Black oxfords stepped behind the screen, into his line of vision. Then a white man crouched in front of him—perhaps forty years old, with a thin face and thin blond hair, his chin and nose both small and pointed. He looked like the men in the portraits that lined the wall in Blanshard’s Yorkshire manor.

“You’re finally awake.” Blanshard looked down his nose with cold blue eyes. “I appreciate that I don’t have to waste time on threats. You know we’re silenced, and that you can do nothing about it. But you wouldn’t risk it anyway. You can hear all the voices, so close, but you’d never call for help because you know I might kill them. A veritable hoard of the nonmagical, just meters away, and you wouldn’t risk any of them, even to save yourself.”

Sebastian’s skull buzzed like someone had released angry bees in his brain, and his throat ached from dryness. The voices of the crowd rose and fell, innocents who had no idea what danger they could too easily step in. “Where’s Jack?”

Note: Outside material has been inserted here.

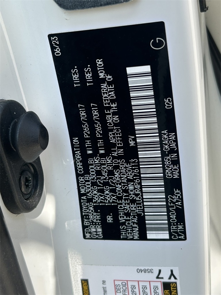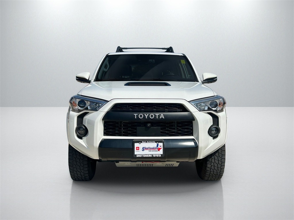 CARFAX One-Owner. Clean CARFAX. 4WD, Black/Graphite w/Leather Seat Trim, 15 Speakers, 3.727 Axle Ratio, 4-Wheel Disc Brakes, ABS brakes, Air Conditioning, Alloy wheels, AM/FM radio: SiriusXM, Anti-whiplash front head restraints, Apple CarPlay/Android Auto, Auto High-beam Headlights, Auto-dimming Rear-View mirror, Automatic temperature control, Black Lug Nuts, Blackout Emblem Overlays (PPO) (TMS), Brake assist, Bumpers: body-color, Cargo Cover (PPO) (TMS), Cargo Mat (PPO) (TMS), Compass, Dashcam (PPO) (TMS), Driver door bin, Driver vanity mirror, Dual front impact airbags, Dual front side impact airbags, Dual Power Ports/Quick Charge Cable Pkg (PPO) (TMS), Dual Zone Auto Climate Control, Electronic Stability Control, Emergency Assistance Kit (PPO) (TMS), Emergency communication system: Safety Connect (1-year trial), Fog Lights, Fox Shocks, Front anti-roll bar, Front Bucket Seats, Front Center Armrest, Front dual zone A/C, Front fog lights, Front reading lights, Front wheel independent suspension, Garage Door Opener, Garage door transmitter: HomeLink, Heated door mirrors, Heated Front Bucket Seats, Heated front seats, Heated Outside Rear-View Mirrors, Hitch Ball Mount (PPO) (TMS), Illuminated entry, Knee airbag, Leather Shift Knob, Low tire pressure warning, Moonroof w/Tilt Up & Slide, Multi-Terrain Back Monitor, Navigation System, Occupant sensing airbag, Outside temperature display, Overhead airbag, Overhead console, Paint Protection Film (PPO) (TMS), Panic alarm, Passenger door bin, Passenger vanity mirror, Power door mirrors, Power driver seat, Power moonroof, Power passenger seat, Power steering, Power windows, Radio: Premium Audio w/JBL, Rear anti-roll bar, Rear seat center armrest, Rear window defroster, Rear window wiper, Remote keyless entry, Roof rack, Roof Rack, Running Boards (PPO) (TMS), Security system, SofTex Seat Trim, Speed control, Speed-sensing steering, Split folding rear seat, Spoiler, Steering wheel mounted audio controls, Tachometer, Telescoping steering wheel, Tilt steering wheel, Traction control, TRD Pro All Weather Floor Liner, TRD Pro Badging, TRD PRO Carpet Floor Mats (PPO) (TMS), TRD Pro Exhaust, TRD Pro Package, TRD Shift Knob, Trip computer, Variably intermittent wipers, Wheel Locks, Wheels: 17" Matte Black Flow-Formed TRD Alloy.

“I believe he’s gone to find the other paranormals, and their sweet little pavilion where they can share their paranormal art. Your cousin is an artist, is she not? Are those other paranormals her friends?” Blanshard added, conspiratorially, “Between us, I think Mr. Mercier is getting a bit itchy. He never gets to really let go, does he? Burn it all down, like he wants? It’s gotten worse since I put the aura in him, like I did in your brother. They’re not like me; their magic isn’t meant to contain it and has become much too strong now. Your brother, of course, ended up trapped like Theseus in the maze, but even Mr. Mercier needs a place to release his flames.”

Sebastian clenched his teeth. “You killed all those people.”

“Of course I did. I needed their life forces.” Blanshard sat on the floor, like he was getting comfortable. “You look and act so much like her, you know.”

“Like who?”

“Your great-great-great-aunt, of course. Casilda.”

A new kind of unease began to creep over Sebastian, like spiders on his skin. That couldn’t be possible—there was no way—

“You didn’t realize?” Blanshard said, a nasty edge to his voice. “What did you think happened when I consumed someone’s life force? Why did you think they called me the Vampire? I absorb someone’s life force and it strengthens mine—and adds to it.”